Good morning,
Jakub Wilk and Don Armstrong are discussing in https://bugs.debian.org/cgi-bin/bugreport.cgi?bug=740670 1) perltidy creating a temporary file with default permissions instead of 0600 2) the use of tmpnam().
From that bug:
my $name = "perltidy.TMP";
if ( $^O =~ /win32|dos/i || $^O eq 'VMS' || $^O eq 'MacOs' ) {
return $name;
}
Would this be a separate issue on those platforms (predictable temporary file in current working directory, run perltidy in attacker-controlled directory...)? On perltidy-20090616-2.1.el6.src.rpm this was only called when using the "-html" option and a pod file as input, and looks to then possibly open it insecurely:
else {
$tmpfile = Perl::Tidy::make_temporary_filename();
}
my $fh_tmp = IO::File->new( $tmpfile, 'w' );
Trying with a much newer version on Fedora, I received errors about tmpnam not working and it didn't appear to be called, but haven't spent time debugging that yet.

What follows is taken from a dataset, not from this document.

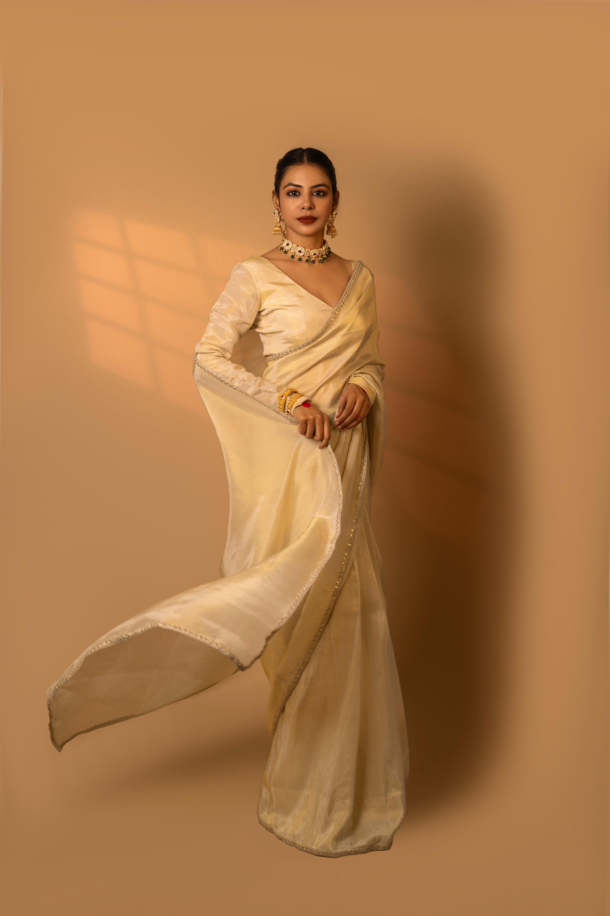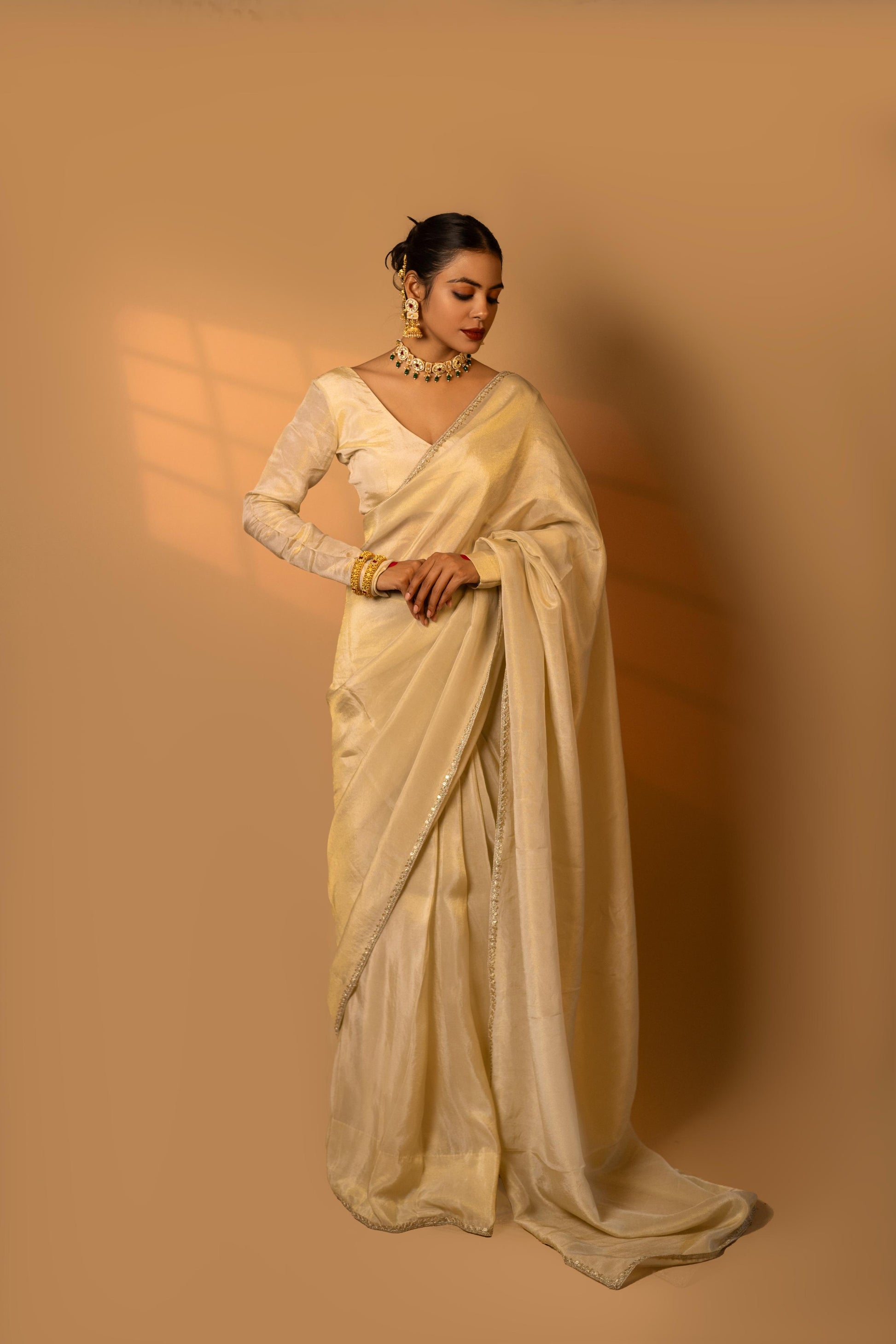 Ready-to-wear saree in soft Cosmosilk, finished with a subtle gold border. Pre-stitched for an effortless drape, it moves with you and catches light in every step.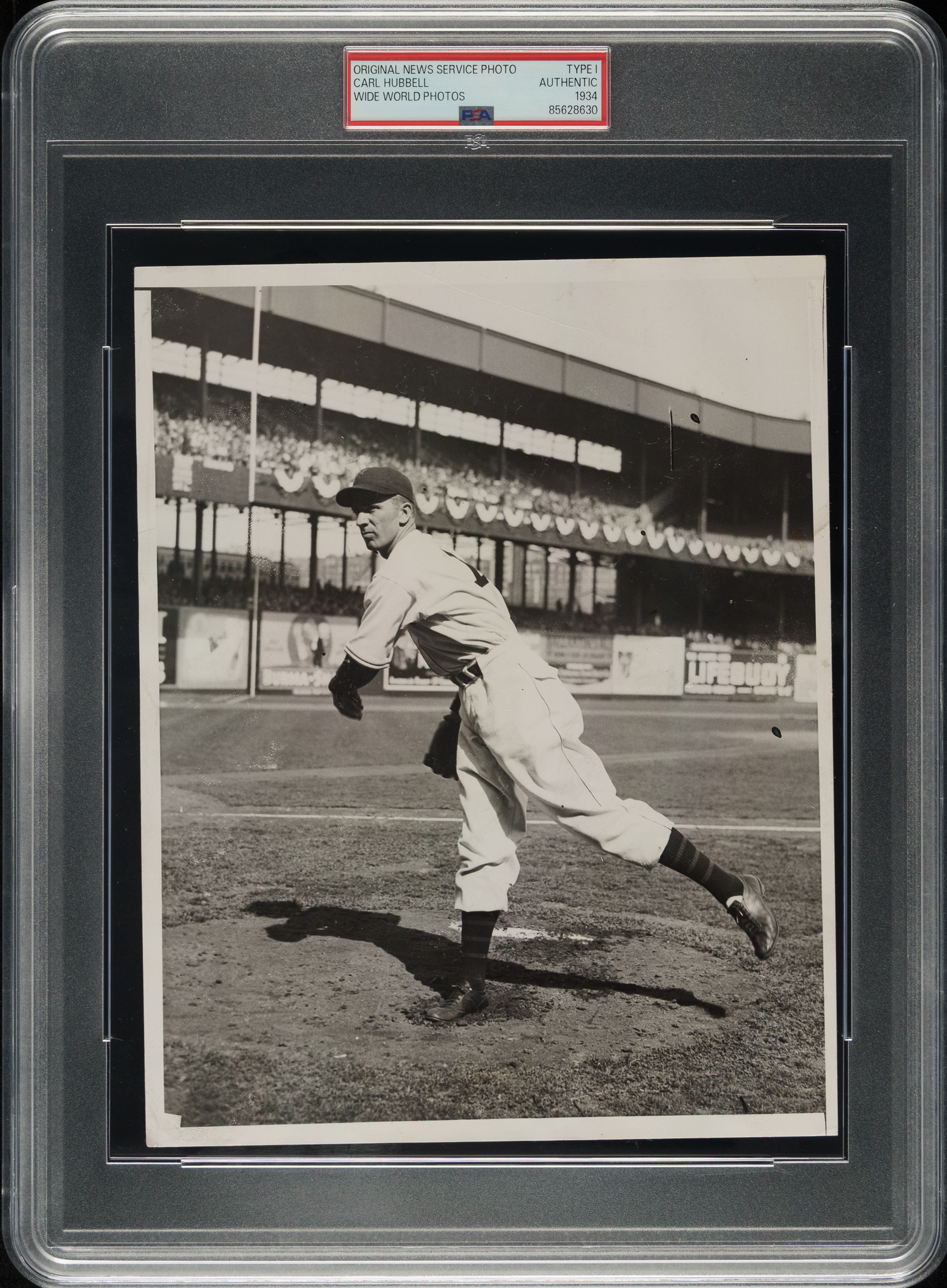 Original news photo of Carl Hubbell as a member of the New York Giants in 1934. Encapsulated and certified as an original Type I photograph by PSA/DNA. Hubbell is captured warming up on the sidelines. A "Wide World Photos" credit stamp appears on the reverse, as does an "Oct 11 1934" date stamp and a few editorial notations. The photo, which has been trimmed to its current dimensions of 7 x 9 inches, displays a crease in the upper right and a strip of excess paper on the reverse. Very Good condition overall.

Regarding other platforms:
my $name = "perltidy.TMP";
if ( $^O =~ /win32|dos/i || $^O eq 'VMS' || $^O eq 'MacOs' ) {
return $name;
}
eval "use POSIX qw(tmpnam)";
if ($@) { return $name }
Is the POSIX module a core part of Perl, as in, the "return $name" part will never be called?
Regarding the use of tmpnam, is it safe/not an issue if you open the resulting filename with O_CREAT and O_EXCL (as perltidy does)?
I am not sure if these qualify for CVEs but I believe the "perltidy.TMP" on Windows or Mac OS X etc would.